RECORD SET START

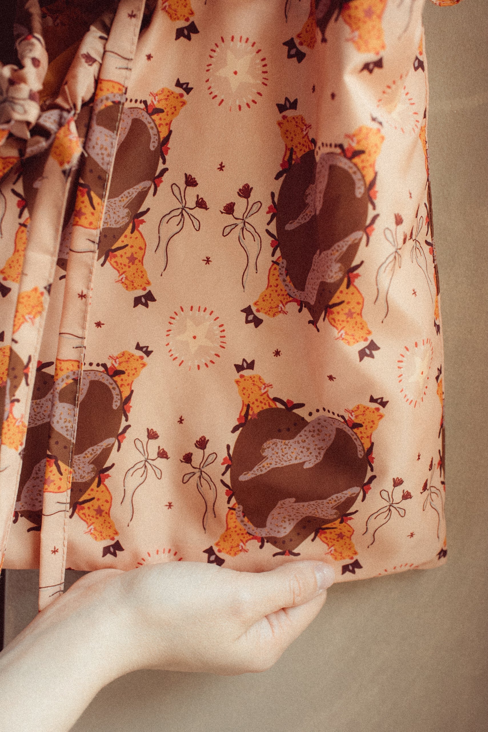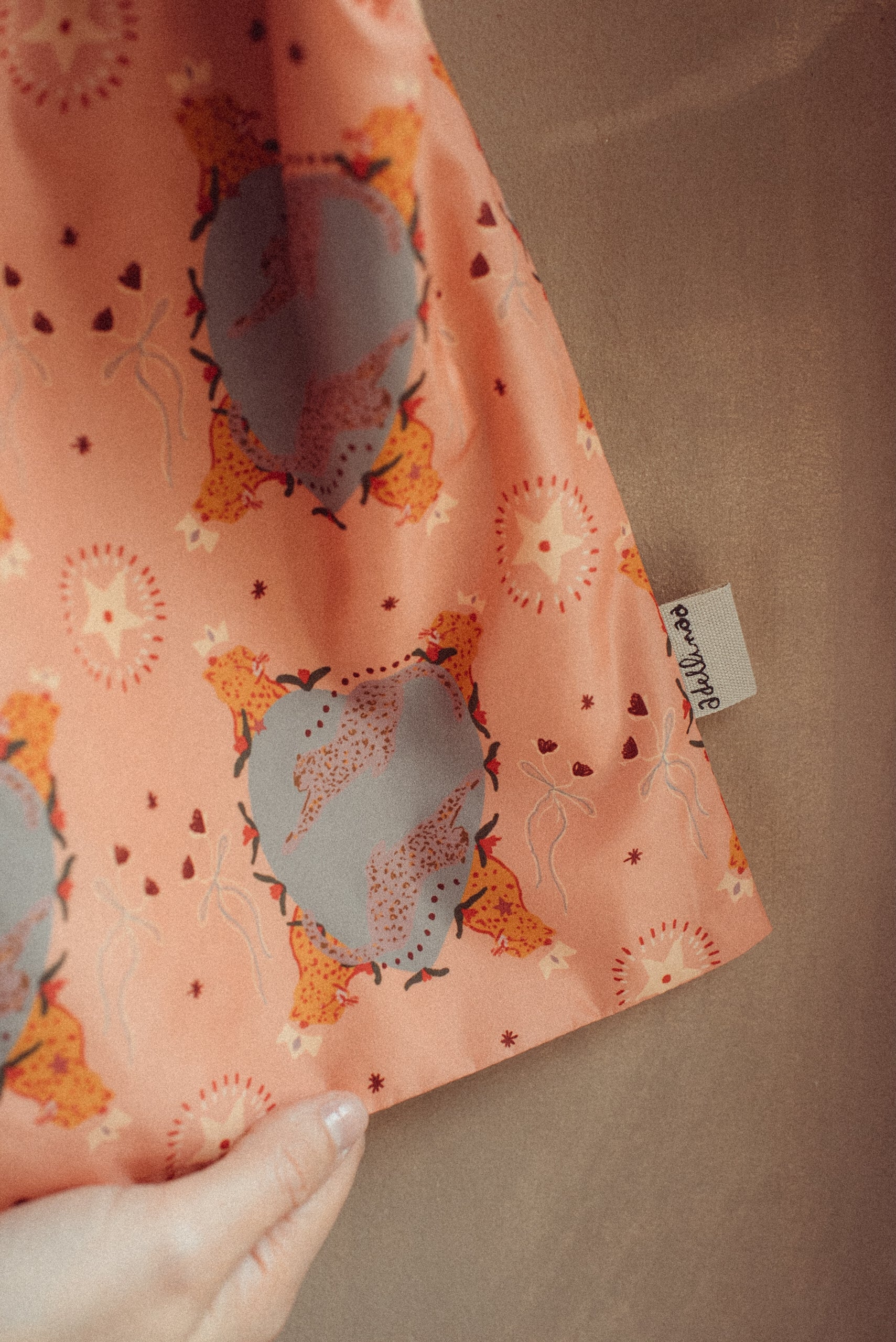Le illustrazioni che li decorano, realizzate in esclusiva per adellinaa da Nicoletta Carlotto, pittrice ed illustratrice, raffigurano eleganti leopardi, simbolo di una bellezza selvaggia e sofisticata. Sono disponibili in due varianti cromatiche: una nei toni del rosa, azzurro e arancio; l’altra in sfumature più terrose di beige, marrone e arancio. In entrambe le versioni, l’interno arancio accende il design con una nota calda e vibrante.
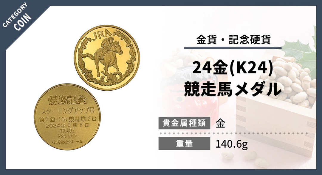 競走馬メダルのような記念性のある金製品は、
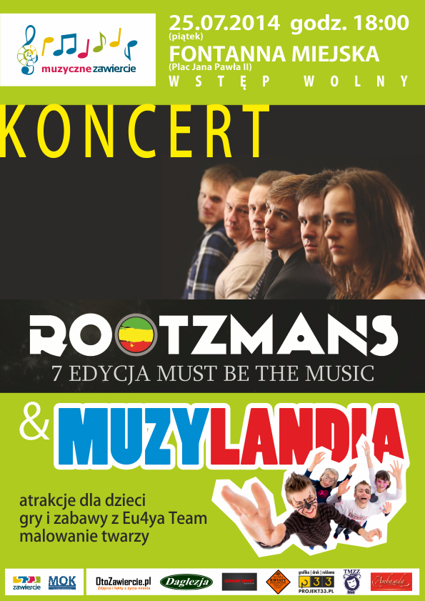 Wszystkich miłośników muzyki chcieliśmy serdecznie zaprosić w najbliższy piątek na fontannę miejską, na placu im. Jana Pawła II. W ramach projektu "Muzyczne Zawiercie" wystąpi zespół znany z 7 edycji "Must be the music", ROOTZMANS! Nie zabraknie także atrakcji dla dzieci i młodzieży.
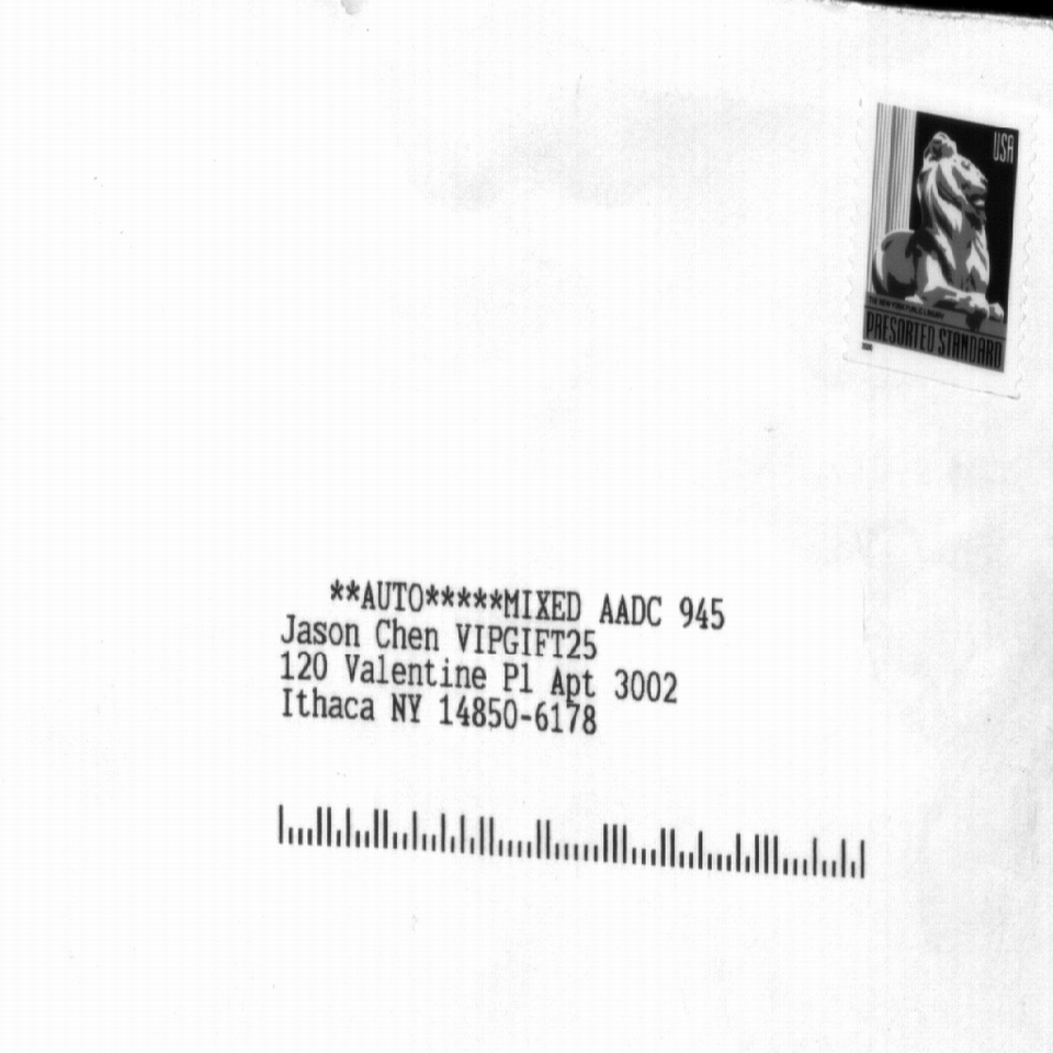 This problem was suggested by Professor T.W. Parks and Professor S.S. Hemami of the School of Electrical and Computer Engineering and completed under their guidance.  The project was performed under the auspices of Lockheed Martin Distribution Technologies (Owego, NY), a key developer and manufacturer of postal systems.  Images used were acquired by real postal scanning machines in Owego.  A presentation and a report were given to the company at the conclusion of the project.
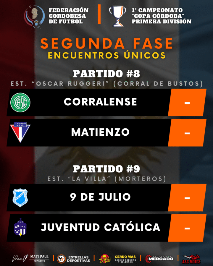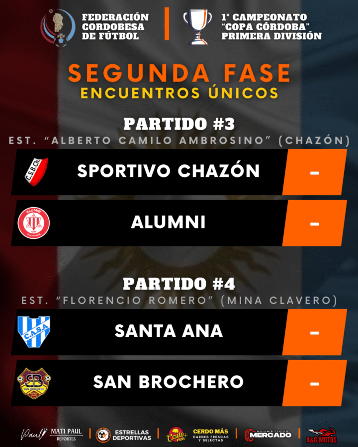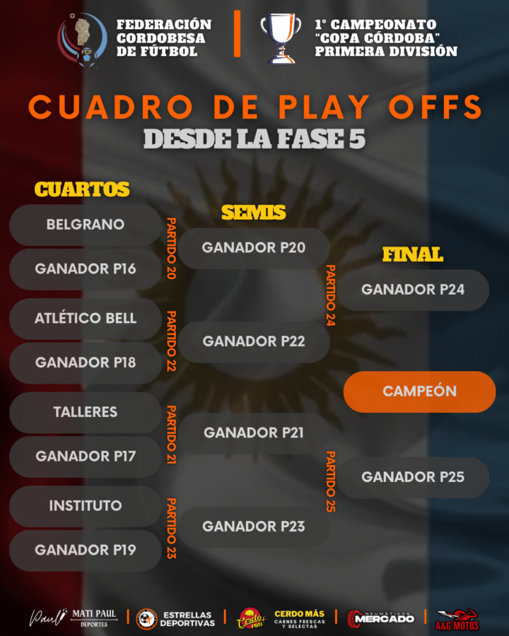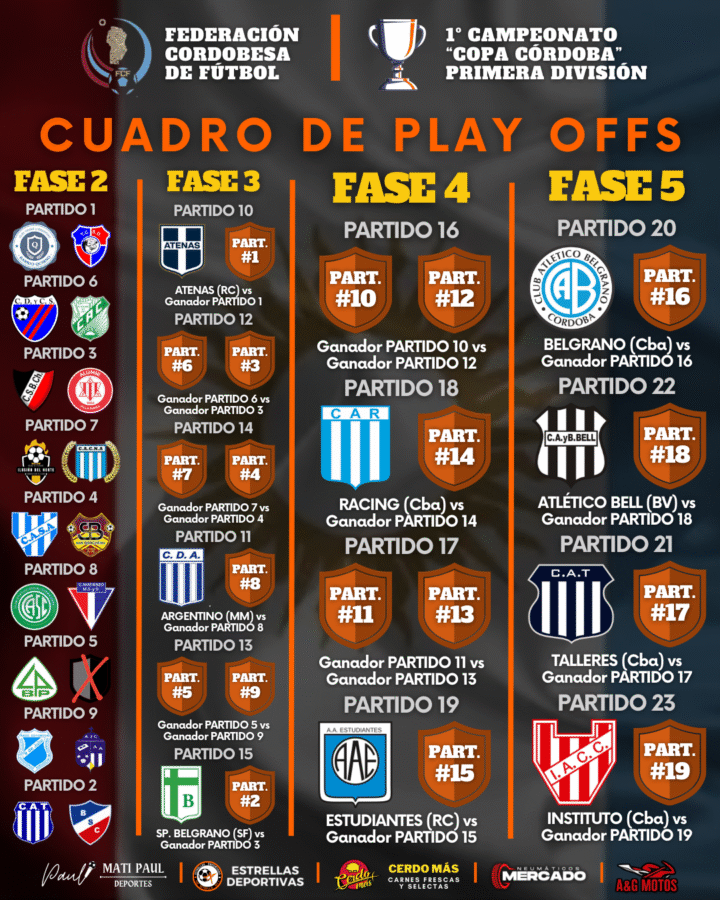 Luego de estos duelos se irán sumando los equipos que compiten en categorías de AFA: Los tres del Federal A (Atenas, Argentino y Sportivo Belgrano) en la tercer etapa, los dos de Primera Nacional (Racing y Estudiantes) en la cuarta, y los tres de Primera División (Talleres, Instituto y Belgrano) más el último campeón del Provincial (Bell) en la quinta fase.
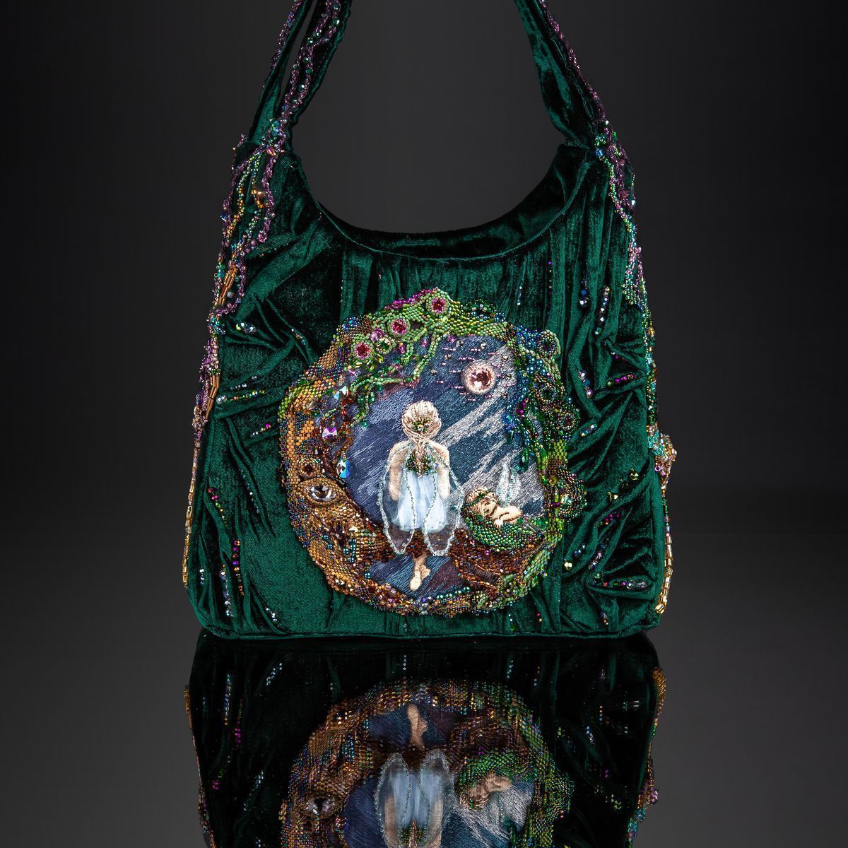 В дизайне своей сумочки хотела отразить загадочное и мистическое место в Зазеркалье, где можно встретить Фею. Фея - благожелательная волшебница, которая способна творить чудеса.

RECORD SET END

• _ACTIVITY_: No pictures should appear in the answer, which is to be the lines from the line with "Luego de estos" through the end of the records above, restated exactly.

• _REPLY TO THE EXERCISE_:
 Luego de estos duelos se irán sumando los equipos que compiten en categorías de AFA: Los tres del Federal A (Atenas, Argentino y Sportivo Belgrano) en la tercer etapa, los dos de Primera Nacional (Racing y Estudiantes) en la cuarta, y los tres de Primera División (Talleres, Instituto y Belgrano) más el último campeón del Provincial (Bell) en la quinta fase.
 В дизайне своей сумочки хотела отразить загадочное и мистическое место в Зазеркалье, где можно встретить Фею. Фея - благожелательная волшебница, которая способна творить чудеса.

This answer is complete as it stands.